The bar we all have for Congress may be low, but Minnesotans can be glad that this time at least our leaders in Washington cleared it -- though just barely.
The deal Congress and the president agreed to earlier this month prevented us from tumbling off the "fiscal cliff," managed to avert middle-class income tax hikes -- though every working American has probably already noted that Social Security taxes have risen to their normal level -- and delayed the nearly across-the-board spending cuts that would have been detrimental to working families and small businesses across Minnesota and around the nation.
However, the agreement leaves a lot to be desired.
As backers of the national, bipartisan Campaign to Fix the Debt -- whose Minnesota chapter will be launched today -- the three of us are determined to remain engaged on this issue, until it is resolved.
The first problem with this month's agreement is that it didn't even fix our short-term problems. The military and domestic spending cuts, or "sequestration" in Washington parlance, were merely delayed, not canceled, meaning we'll probably watch our elected leaders go through a last-minute dance again to figure out how to avoid blunt cuts to popular programs.
More damning, however, is that the deal did absolutely nothing to alter the unsustainable long-term trajectory of our national debt.
The cliff's sequestration policies, still looming in a matter weeks, would be quite damaging for Minnesotans if they ever see the light of day. According to a recent Pew study, the federal grants subject to the ax represent 5 percent of annual state revenue, money Minnesota has already allocated for spending, including on things like nutrition programs for low-income women and children, education programs, public housing and many other programs that protect the most vulnerable among us. Moreover, the Congressional Budget Office has said that Minnesota could lose up to 16,000 jobs if the cuts occur.

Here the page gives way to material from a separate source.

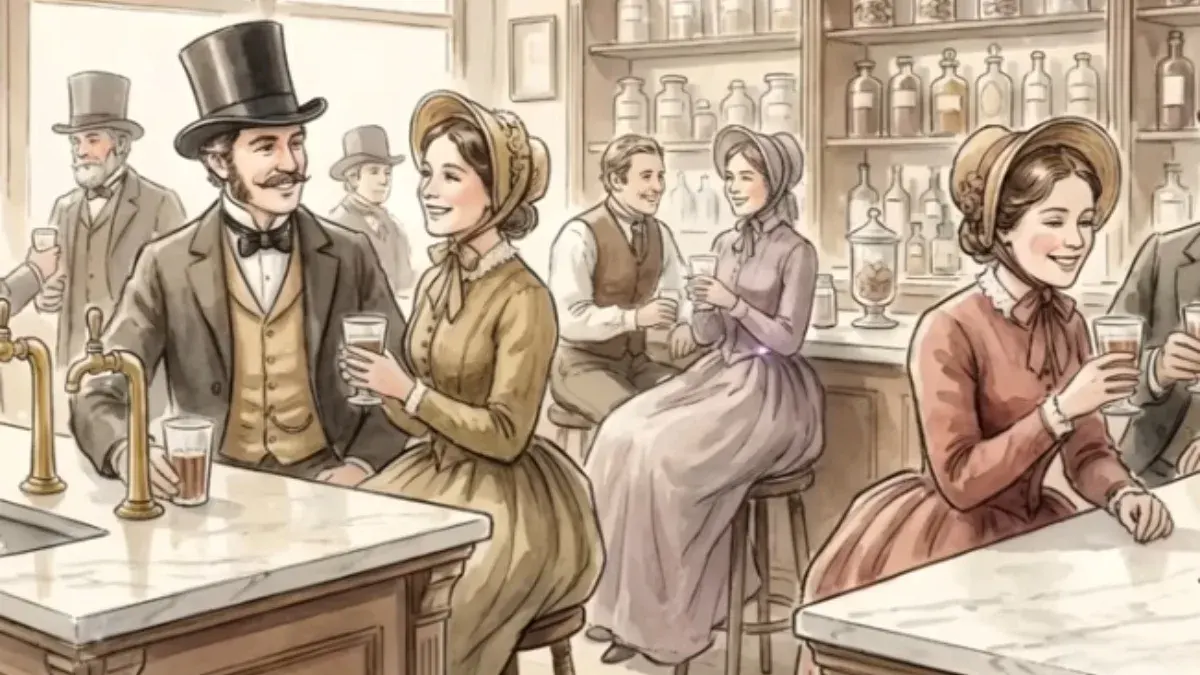 ในช่วงศตวรรษที่ 19 ร้านขายยาในสหรัฐอเมริกาไม่ได้เป็นเพียงที่สำหรับซื้อยา แต่เป็นจุดนัดพบทางสังคมที่มีเคาน์เตอร์ขายน้ำโซดา หรือ Soda Fountain เภสัชกรยุคนั้นมีบทบาทคล้ายกับบาร์เทนเดอร์ที่ต้องปรุงยาแบบสดๆ ทว่าปัญหาใหญ่คือยาสมุนไพรส่วนใหญ่มักมีรสขมจัดและกินยาก จึงเกิดไอเดียในการนำน้ำโซดาที่เชื่อว่าช่วยย่อยอาหาร มาผสมกับน้ำเชื่อมผลไม้และรากไม้เพื่อกลบรสขม จนเกิดเป็นเครื่องดื่มที่ให้ทั้งความอร่อยและสรรพคุณทางยา

This is not at all to say we shouldn't talk about spending cuts. On the contrary, any deal to dig us out of the hole we're in can't rely on increased revenue alone. It must also include substantial savings from spending programs -- including entitlements, which have long been considered sacrosanct. However, we need to cut with a scalpel rather than an ax, and we must address the true drivers of our perpetual deficits, rather than small programs that are relied upon by the nation's neediest.